[AIM OF THE EXERCISE]: Reproduce exactly the lines below, starting at the line that contains "Põhja- Pärnumaa valla" and ending with the last line of the records, both included; leave out any pictures.

[RECORD EXCERPTS]:
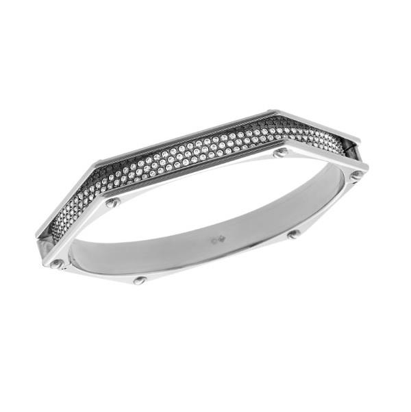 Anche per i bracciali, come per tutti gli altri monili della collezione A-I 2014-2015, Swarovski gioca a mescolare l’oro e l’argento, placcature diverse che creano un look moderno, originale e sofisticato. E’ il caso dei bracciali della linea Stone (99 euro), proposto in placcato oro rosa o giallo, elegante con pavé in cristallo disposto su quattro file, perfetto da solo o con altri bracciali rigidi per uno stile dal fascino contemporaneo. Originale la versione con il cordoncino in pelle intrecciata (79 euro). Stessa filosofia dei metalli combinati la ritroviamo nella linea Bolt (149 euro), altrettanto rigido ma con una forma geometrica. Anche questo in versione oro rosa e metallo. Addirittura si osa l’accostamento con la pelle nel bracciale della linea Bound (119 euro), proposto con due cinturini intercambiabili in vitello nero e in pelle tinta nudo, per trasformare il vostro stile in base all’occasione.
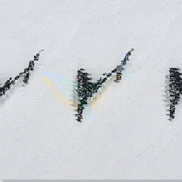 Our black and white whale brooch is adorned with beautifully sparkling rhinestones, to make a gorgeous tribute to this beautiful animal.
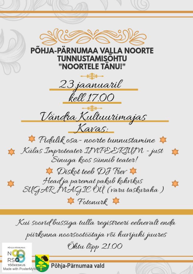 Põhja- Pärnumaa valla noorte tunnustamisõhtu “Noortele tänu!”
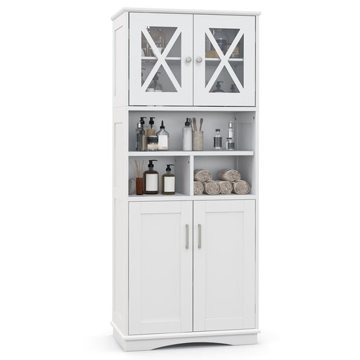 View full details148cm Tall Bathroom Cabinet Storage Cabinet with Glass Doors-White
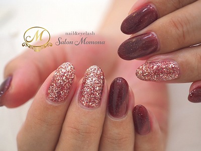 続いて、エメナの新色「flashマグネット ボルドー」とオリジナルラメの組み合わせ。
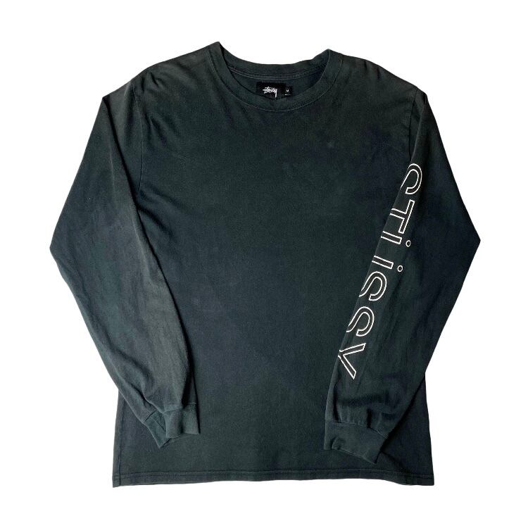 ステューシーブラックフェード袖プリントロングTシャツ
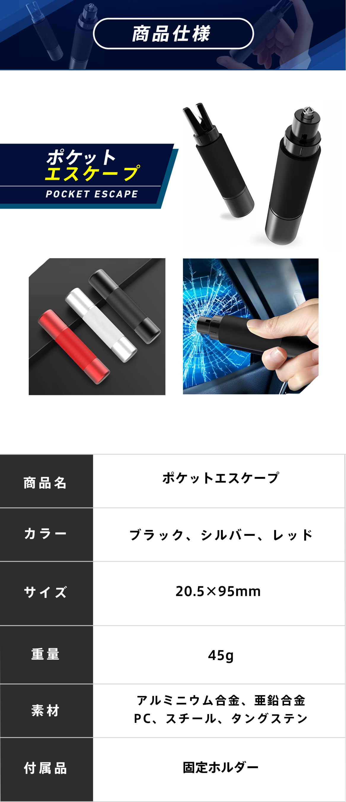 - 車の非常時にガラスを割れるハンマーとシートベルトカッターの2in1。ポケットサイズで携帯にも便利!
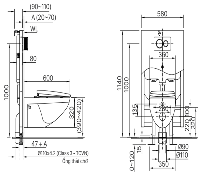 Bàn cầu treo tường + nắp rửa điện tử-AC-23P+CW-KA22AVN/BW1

[EXERCISE RESPONSE]:
 Põhja- Pärnumaa valla noorte tunnustamisõhtu “Noortele tänu!”
 View full details148cm Tall Bathroom Cabinet Storage Cabinet with Glass Doors-White
 続いて、エメナの新色「flashマグネット ボルドー」とオリジナルラメの組み合わせ。
 ステューシーブラックフェード袖プリントロングTシャツ
 - 車の非常時にガラスを割れるハンマーとシートベルトカッターの2in1。ポケットサイズで携帯にも便利!
 Bàn cầu treo tường + nắp rửa điện tử-AC-23P+CW-KA22AVN/BW1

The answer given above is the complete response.